== Task statement ==
All of the data must be output exactly, with every picture left out.

== Recorded information ==
• • • • • • •
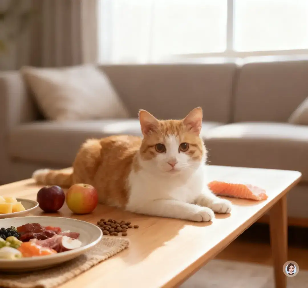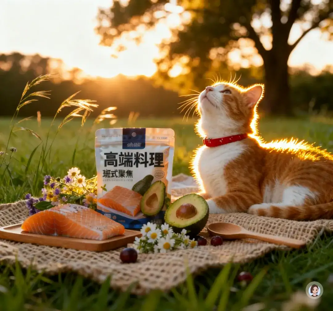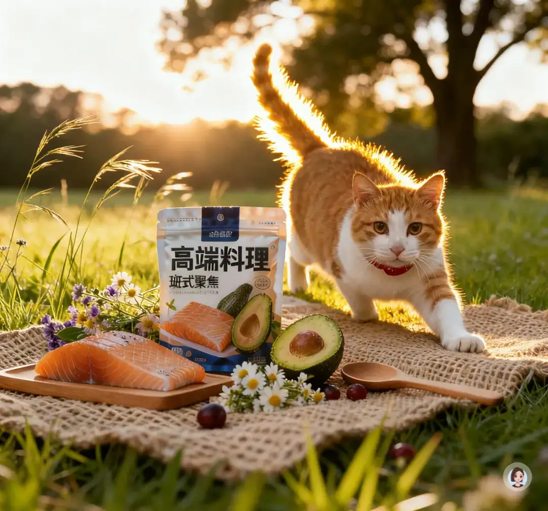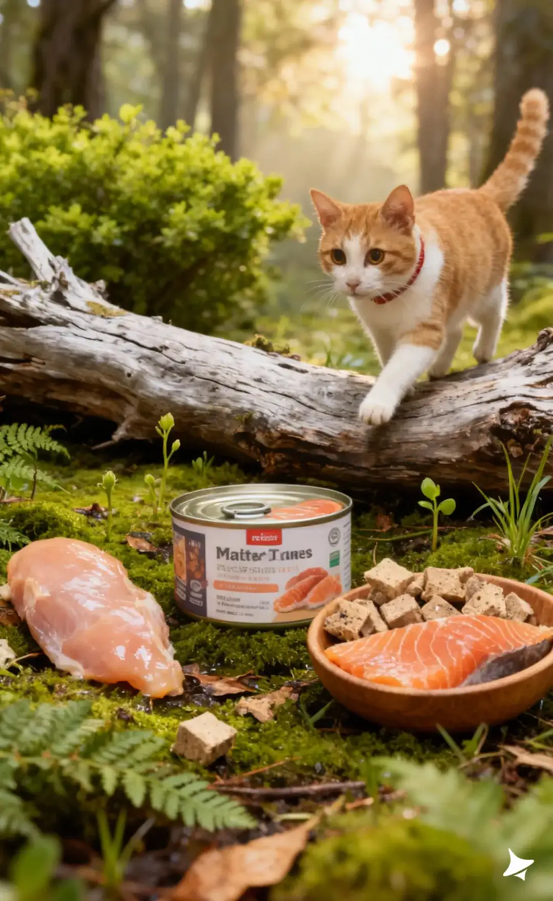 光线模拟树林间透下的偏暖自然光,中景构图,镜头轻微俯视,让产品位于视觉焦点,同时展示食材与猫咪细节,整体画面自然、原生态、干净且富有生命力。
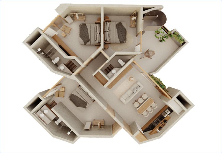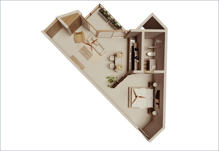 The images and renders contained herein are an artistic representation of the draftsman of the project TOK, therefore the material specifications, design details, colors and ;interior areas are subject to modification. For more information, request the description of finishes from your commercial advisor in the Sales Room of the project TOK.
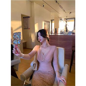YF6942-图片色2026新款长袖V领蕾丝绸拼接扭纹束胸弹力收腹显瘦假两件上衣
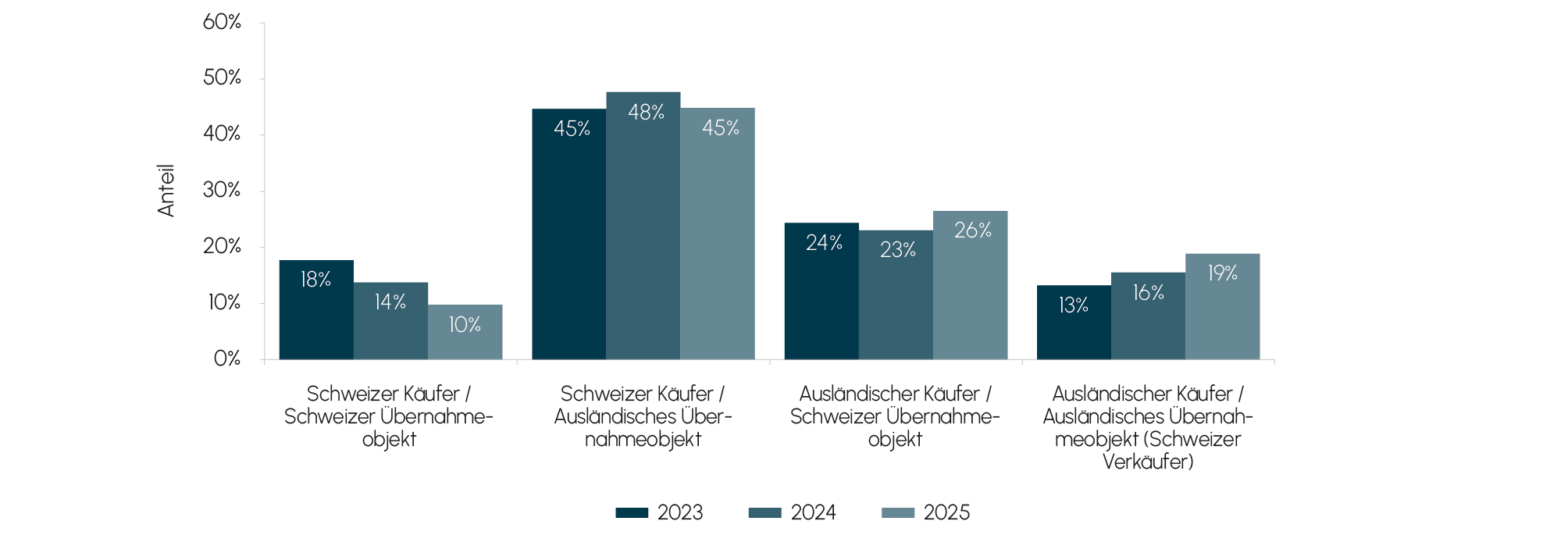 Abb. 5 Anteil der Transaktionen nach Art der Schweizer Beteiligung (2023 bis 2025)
• • • • • • •
== Result below ==
 光线模拟树林间透下的偏暖自然光,中景构图,镜头轻微俯视,让产品位于视觉焦点,同时展示食材与猫咪细节,整体画面自然、原生态、干净且富有生命力。
 The images and renders contained herein are an artistic representation of the draftsman of the project TOK, therefore the material specifications, design details, colors and ;interior areas are subject to modification. For more information, request the description of finishes from your commercial advisor in the Sales Room of the project TOK.
YF6942-图片色2026新款长袖V领蕾丝绸拼接扭纹束胸弹力收腹显瘦假两件上衣
 Abb. 5 Anteil der Transaktionen nach Art der Schweizer Beteiligung (2023 bis 2025)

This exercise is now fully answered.